2016-01-26 23:54:24 | INFO | Ingesting GameDay data within date range 2015-06-12 to 2015-06-13
2016-01-26 23:54:24 | INFO | Processing 15 games on 2015-06-12
2016-01-26 23:54:25 | INFO | Processing 15 games on 2015-06-13


That's it! You now have data in your database!

## Using Your Database

This section gives a quick example of how to access the data you just retrieved using Python. You can of course use any tools of your choice to access your database.

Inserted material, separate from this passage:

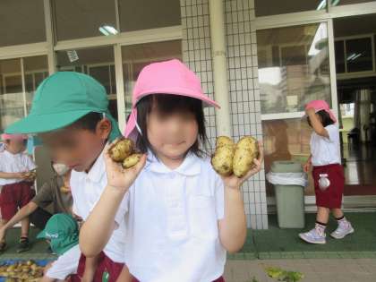 「うんとこしょ!どっこいしょ!!」と、ジャガイモの茎を引っ張ると、さまざまな大きさのジャガイモがついていたり、土の中を探してみるとが大きなジャガイモがいっぱい掘れたりと子どもたちは大喜びでした。
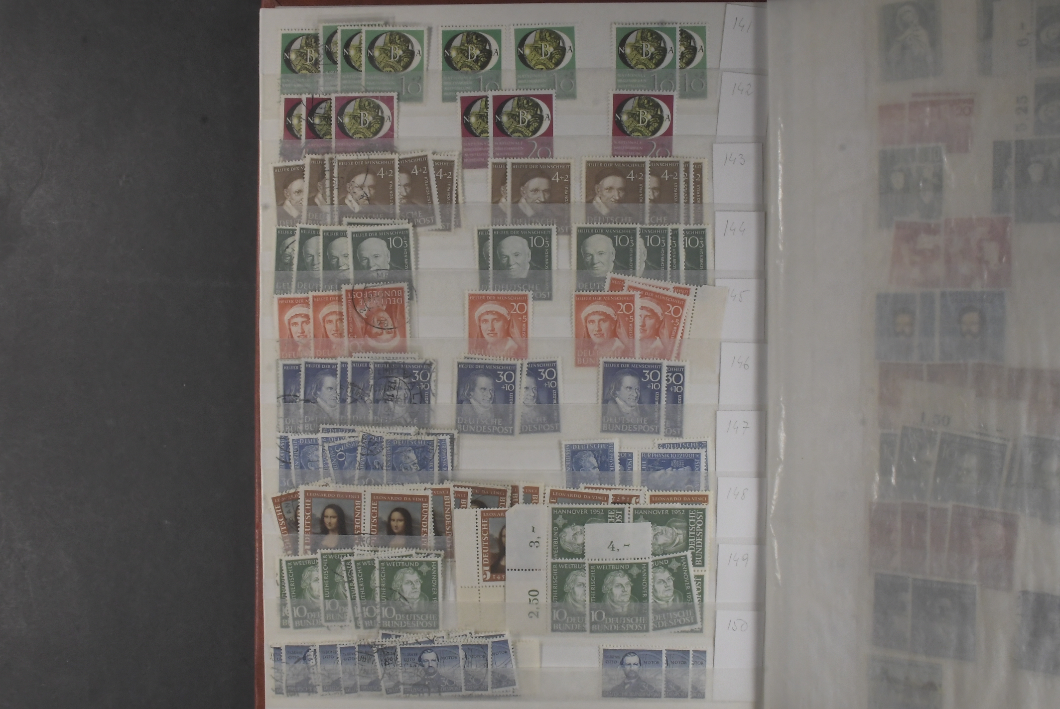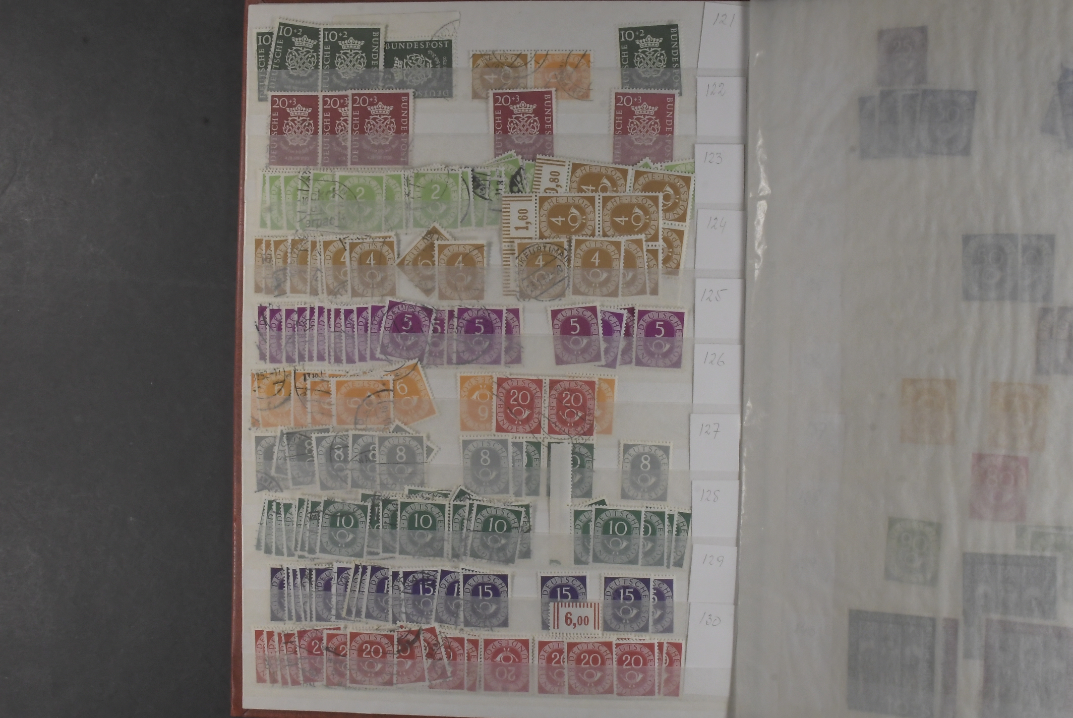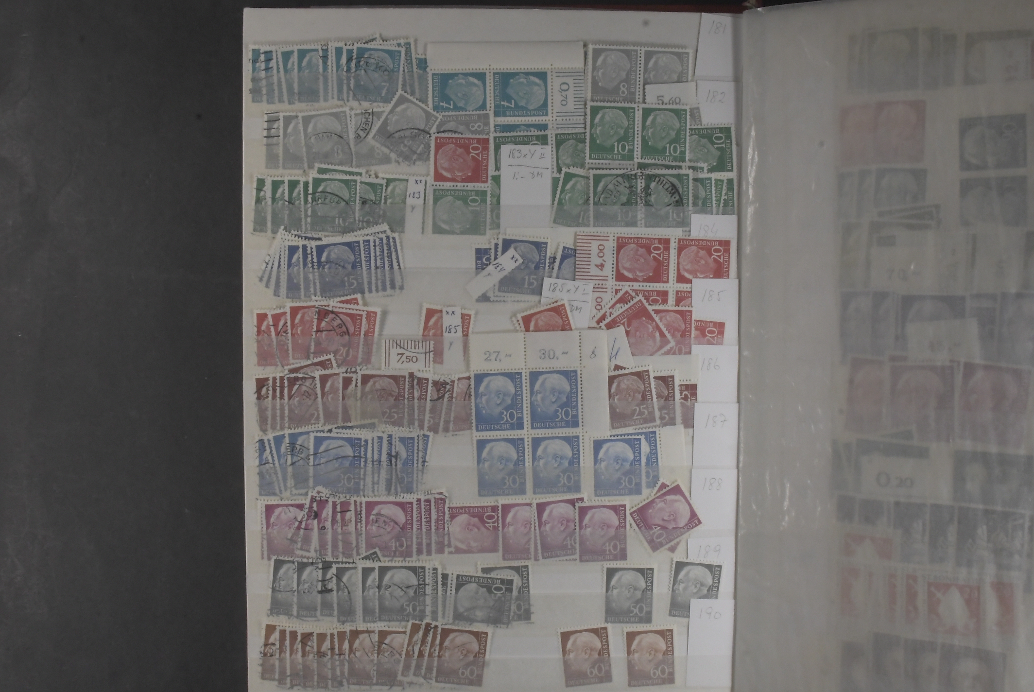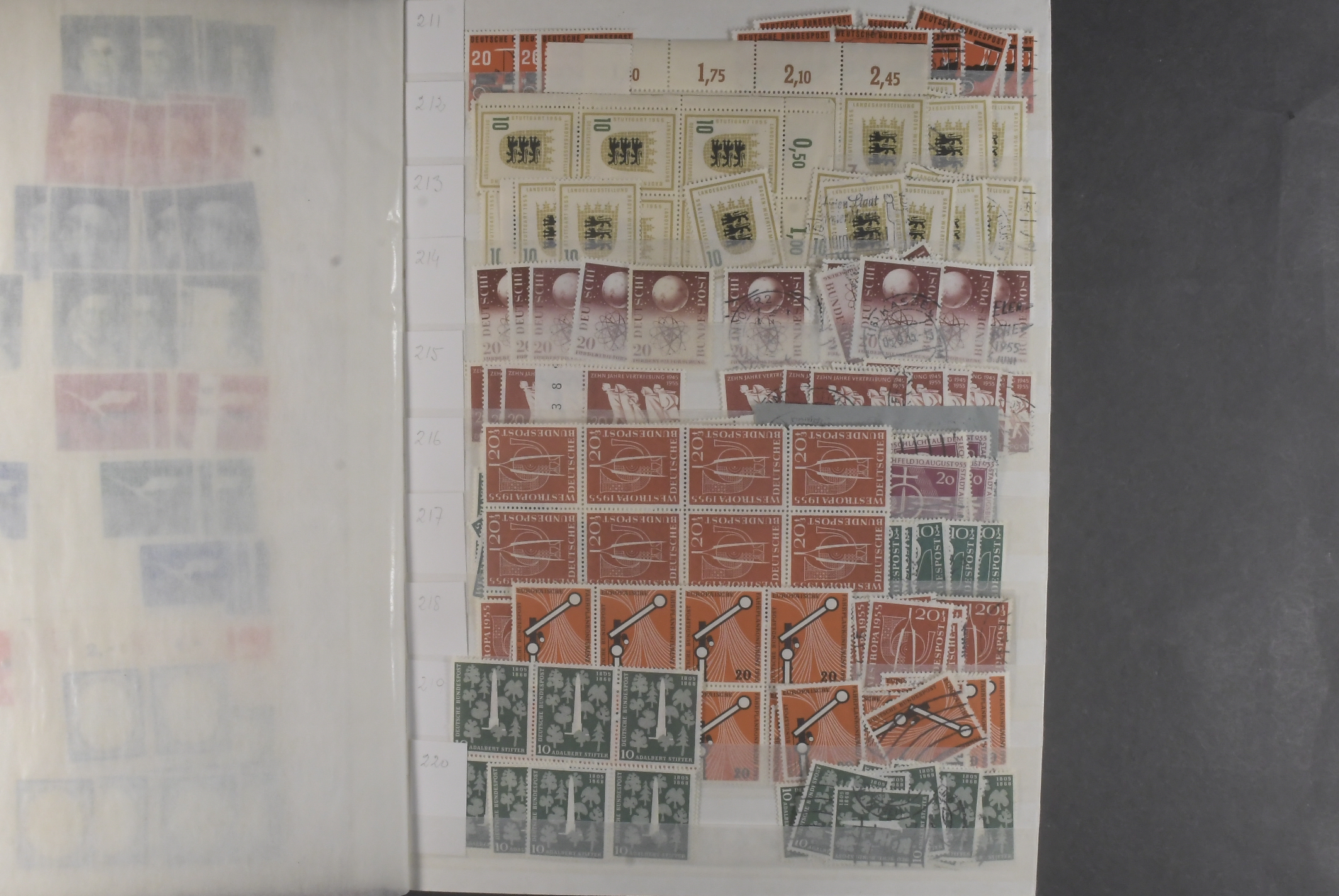 Germany, GFR (BRD). Accumulation ★★/★/⊙ to 1963 in large overfilld stockbook 32 pages. Both used and mint, looks to be complete often several of each. The most valuabe are mostly mint, but often ** as well. Please see a selection of scans at www.philea.se. Fine quality.

This example uses SQLAlchemy and [Pandas](http://pandas.pydata.org/), a powerful data processing library.

In [15]:
from sqlalchemy import create_engine
import pandas as pd

To access the database, we'll create an SQLAlchemy engine. This engine will be a parameter that we pass to Pandas in order to execute queries.

In [16]:
engine = create_engine("sqlite:///gameday.db")

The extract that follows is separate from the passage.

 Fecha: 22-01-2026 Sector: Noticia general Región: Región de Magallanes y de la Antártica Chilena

Now use the Pandas `read_sql_query` function to execute an SQL statement.  Here, we'll select 10 rows from the `pitches` table.

In [17]:
data = pd.read_sql_query("SELECT * FROM pitches LIMIT 10;", engine)
data = data.set_index("pitch_id")

The data is now available as a Pandas `DataFrame` object. Execute the following cell to view it in a pretty table.

In [18]:
data

Unnamed: 0_level_0,at_bat_id,at_bat_pitch_num,inning,inning_half,des,result_type,gameday_sv_id,x,y,start_speed,...,az,break_y,break_angle,break_length,pitch_type,type_conf,zone,nasty,spin_dir,spin_rate
pitch_id,Unnamed: 1_level_1,Unnamed: 2_level_1,Unnamed: 3_level_1,Unnamed: 4_level_1,Unnamed: 5_level_1,Unnamed: 6_level_1,Unnamed: 7_level_1,Unnamed: 8_level_1,Unnamed: 9_level_1,Unnamed: 10_level_1,Unnamed: 11_level_1,Unnamed: 12_level_1,Unnamed: 13_level_1,Unnamed: 14_level_1,Unnamed: 15_level_1,Unnamed: 16_level_1,Unnamed: 17_level_1,Unnamed: 18_level_1,Unnamed: 19_level_1,Unnamed: 20_level_1,Unnamed: 21_level_1
1,1,0,1,T,"In play, no out",X,150601_191416,103.81,178.71,94.1,...,-16.241,23.7,37.0,4.8,FF,,9,54,223.353,2308.984
2,2,0,1,T,Called Strike,S,150601_191505,95.46,175.2,94.2,...,-14.64,23.7,32.0,4.1,FF,,6,58,213.464,2211.271
3,2,1,1,T,Foul,S,150601_191523,83.3,173.82,93.6,...,-9.602,23.7,31.8,2.9,FF,,14,52,200.654,2556.997
4,2,2,1,T,Ball,B,150601_191558,60.36,171.58,84.6,...,-24.458,23.8,-7.2,6.7,SL,,14,14,164.328,938.373
5,2,3,1,T,Ball,B,150601_191617,64.89,173.36,94.9,...,-12.154,23.7,37.0,3.7,FF,,14,19,211.749,2461.054
6,2,4,1,T,Ball,B,150601_191640,26.93,191.13,84.2,...,-24.082,23.8,-1.7,6.7,SL,,14,27,185.336,957.78
7,2,5,1,T,Ball,B,150601_191701,180.73,170.42,87.5,...,-23.774,23.8,22.8,6.6,CH,,13,14,231.504,1525.566
8,3,0,1,T,Swinging Strike,S,150601_191745,168.95,168.61,87.4,...,-24.485,23.8,26.4,7.0,CH,,13,41,239.724,1726.316
9,3,1,1,T,Called Strike,S,150601_191810,94.43,175.9,94.9,...,-13.615,23.7,30.2,3.8,FF,,9,48,209.426,2227.435
10,3,2,1,T,Ball,B,150601_191829,166.51,95.36,93.2,...,-18.91,23.7,23.2,4.4,FF,,11,24,212.403,1667.17


Now you can do all kinds of cool stuff.